Macklem went on to propose what he described as “the 7Cs for crisis leadership”: 1. Contemplate further calamities; 2. Put in place contingency plans; 3. Calibrate to crush – aim to crush the crisis not merely to contain it; 4. Cooperate and coordinate – countries acting together looks less like a problem and hence is more reassuring; 5. Communicate – in good time and often, acknowledge seriousness; 6. Restoring confidence is essential; 7. Build better and more robust business culture – crisis is when this matters the most.

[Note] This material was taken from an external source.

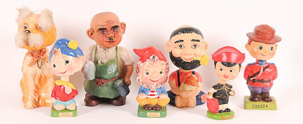 7 Vintage Bobbleheads or Nodders Comprising: Ceramic

Crises go well beyond finance, Macklem noted, with effects that extend into health, security and food safety, for example, and with the potential to also create disruptions to the financial technologies on which we increasingly rely. He called for a focus on crisis prevention, while acknowledging that even with inspired efforts in prevention, financial crises will continue to occur – and thus investment in crisis leadership is vital as we occupy an increasingly complex, interconnected and interdependent world.